Wisconsin Bird Conservation Intiative in partnership with the WI Dept. of Natural Resources
WBCI is working with the WDNR to create a web portal for bird surveys in Wisconsin. This web portal would deliver route maps, protocols, data sheets and would allow for better recruitment and coordination of volunteers. Volunteers would be able to better understand the survey opportunities in their local area and the monitoring coordinator would be able to use this tool to more efficiently recruit and deliver information to the volunteers. This web portal would be linked to the main WBCI Research and Monitoring website as well as related projects including individual survey web pages and the related training from the Great Lakes Birder Certification Program.
WI Dept. of Natural Resources in partnership with the Wisconsin Wildlife Rehabilitator's Association
This project will assist in the development of a comprehensive wildlife rehabilitation annual report database that will facilitate the analysis of data pertaining to Wisconsin’s wildlife populations. Based on the educational needs revealed through analysis of the annual report data, materials will be produced and training opportunities facilitated to expand upon the knowledge base of the rehabilitation community and thereby improve the husbandry of wildlife in rehabilitation.

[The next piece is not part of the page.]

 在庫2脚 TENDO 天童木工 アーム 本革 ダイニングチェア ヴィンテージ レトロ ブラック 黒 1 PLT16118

Wildlife rehabilitators are trained citizens who are licensed by the state to treat injured, sick and orphaned indigenous wildlife for release back into the wild. There are over one hundred licensed wildlife rehabilitators in Wisconsin, with multiple facilities located in each WDNR region. The majority of these wildlife rehabilitators accept wildlife not only from their own county, but adjacent counties, as well. They work with thousands of wild animals every year and, in the process, collect biological and health information on over 200 species of the state's wildlife. Many of these species are declining in the state as a result of a variety of factors, known and unknown, and some of these species are even listed as threatened or endangered.

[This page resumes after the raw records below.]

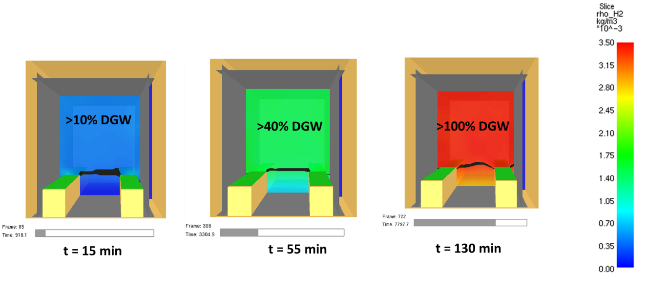 The FDS simulation results presented in Figure 5 confirmed that the increase of hydrogen concentration in the battery room occurs uniformly over the entire enclosure, at a rate similar to the time calculated theoretically. However, because the lower part of the enclosure stays free of hydrogen, the simulated time of increasing hydrogen concentration was a little slower than calculated theoretically. The red color on the scale means the concentration of hydrogen is 100% LEL, which was equal to 3,4 x 10-3 kg/m3.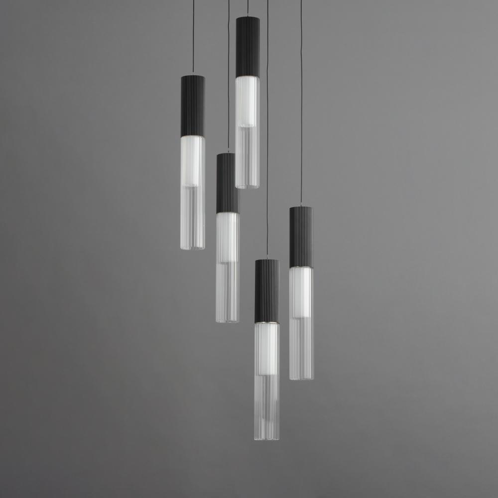 A refined play of texture and proportion, this series juxtaposes vertically fluted aluminum housings with linear reeded glass tubes. Offered in Gold or Matte Black finishes, each form integrates frosted glass diffusers that soften the powerful LED illumina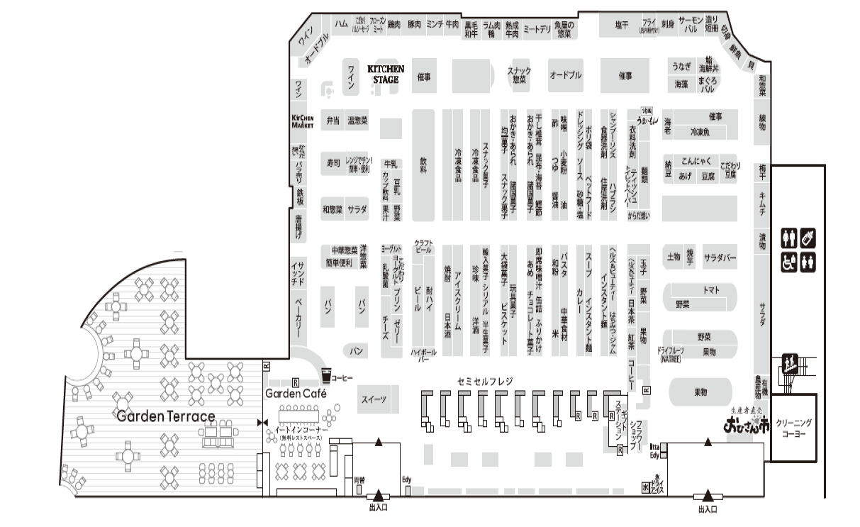 こうした商圏特性から、阪急オアシスキセラ店は「ゆっくり選べる」「過ごす・楽しむ」「賢くお買物できる」をコンセプトに、広域からの集客を図る。「アクティブシニア層」にはこだわりや健康、少量軸での提案を、30歳代~40歳代の「子育てファミリー層」にはお買い得感・健康軸での提案をテーマに、630坪店舗に最新MDを投入する。また施設内を流れる小川に沿って「ガーデンテラス」を設けて、BBQセットの貸出しも行う。さらに併設する「ガーデンカフェ」では、カフェメニューに加え、朝食メニューを展開して、「食べる・集まる・過ごせる」環境づくりを目指す。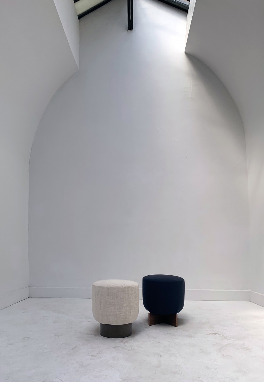 Both pouffes play with the somewhat timeless vision of a pouf, while boasting subtle detailing. Their large curved bottom gives them an extra sense of refinement and warmth, but also a light, fresh feel. The upholstered section has no straight lines, only curved surfaces that softly complement each other.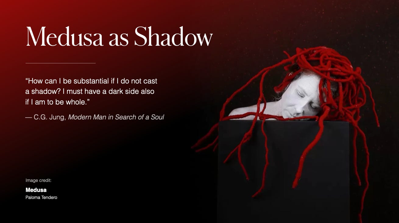 Medusa is, in many ways, the quintessential shadow figure. She represents the aspects of self our culture cannot easily tolerate – truths too raw to be neatly expressed, namely: feminine power, feminine sexuality, feminine rage.

Wisconsin Audubon Council, Inc.
The project is expanding survey locations throughout the state and increasing the number of volunteers to fill in gaps on salamander occurrence and distribution. This is only the project in Wisconsin monitoring salamanders. Data collected in this project will provide useful data to WDNR, the Herp Atlas Project and to other agencies, projects and individual ecologists. In 2007-08, the project's first year, seven expert advisors developed a protocol for long-term monitoring, recommended potential survey sites and functional traps, and produced training materials for monitors. Volunteer monitors will choose different sites next year, and then return to their original site the third year.
Milwaukee County Zoo
Establishing a Mobile Acoustic Bat-monitoring Station for Citizen-based Monitoring in Milwaukee County
Urban Ecology Center
Racine BEAM (Bat Education, Awareness, and Monitoring)
The UW-Parkside Center for Community Partnerships in partnership with the St. Catherine’s High School Environmental Club
The Milwaukee County Zoo, Urban Ecology Center, and UW-Parkside Center for Community Partnerships received funding to share a mobile bat monitoring unit. There are three separate bat monitoring periods and each organization will monitor for a 2 month period. The three monitoring periods are: 1) April-May 2) June-July & 3) August-September.

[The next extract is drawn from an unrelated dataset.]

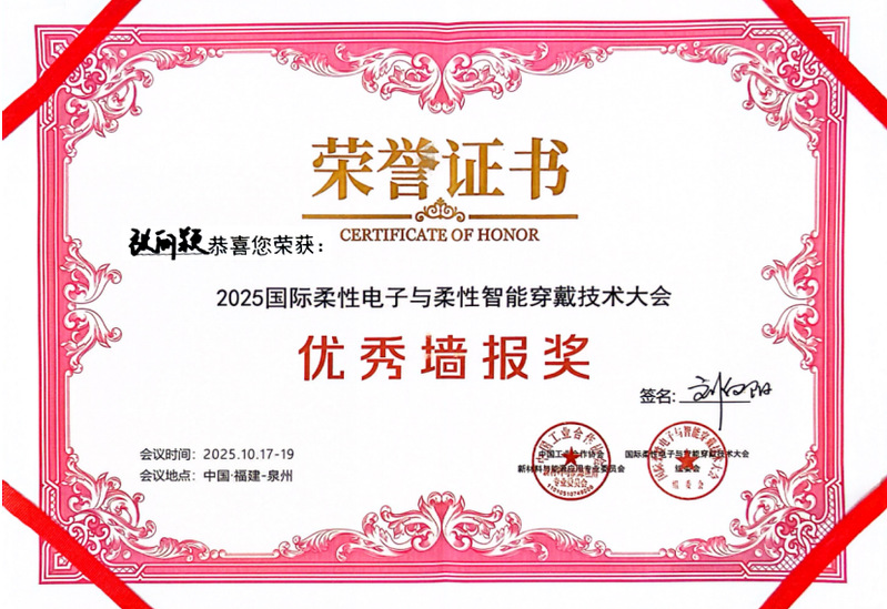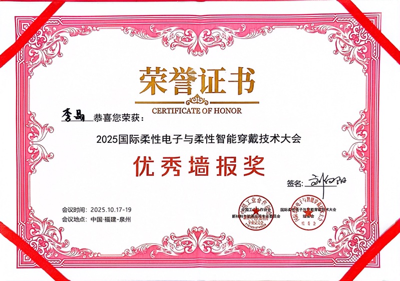 10月17日至19日,由中国工业合作协会、福建省纺织工程学会联合主办的“2025国际柔性电子与柔性智能穿戴技术大会”在泉州成功举办。本次大会以“材料+柔性器件+AI”为主题,吸引了国内外柔性电子与智能穿戴领域的顶尖专家、学者及企业代表参会。williamhill官方网站WilliamHill中文官方网站师生团队受邀参会,与行业同仁共话技术前沿,探讨未来发展趋势。值得一提的是,公司教师李晶、研究生张丽颖荣获大会“优秀墙报奖”,展现了williamhill官方网站在柔性电子与智能纺织领域的科研实力。

Trained volunteers will be organized into research groups to focus on land-based and water-based monitoring. All the organizations will use the monitoring in educational programs and collected data will help contribute to the long-term information needs for Wisconsin bat conservation. This project will work in conjunction with Dave Redell, DNR Bat Ecologist, to fulfill the data needs of the Wisconsin Bat Conservation & Management Plan.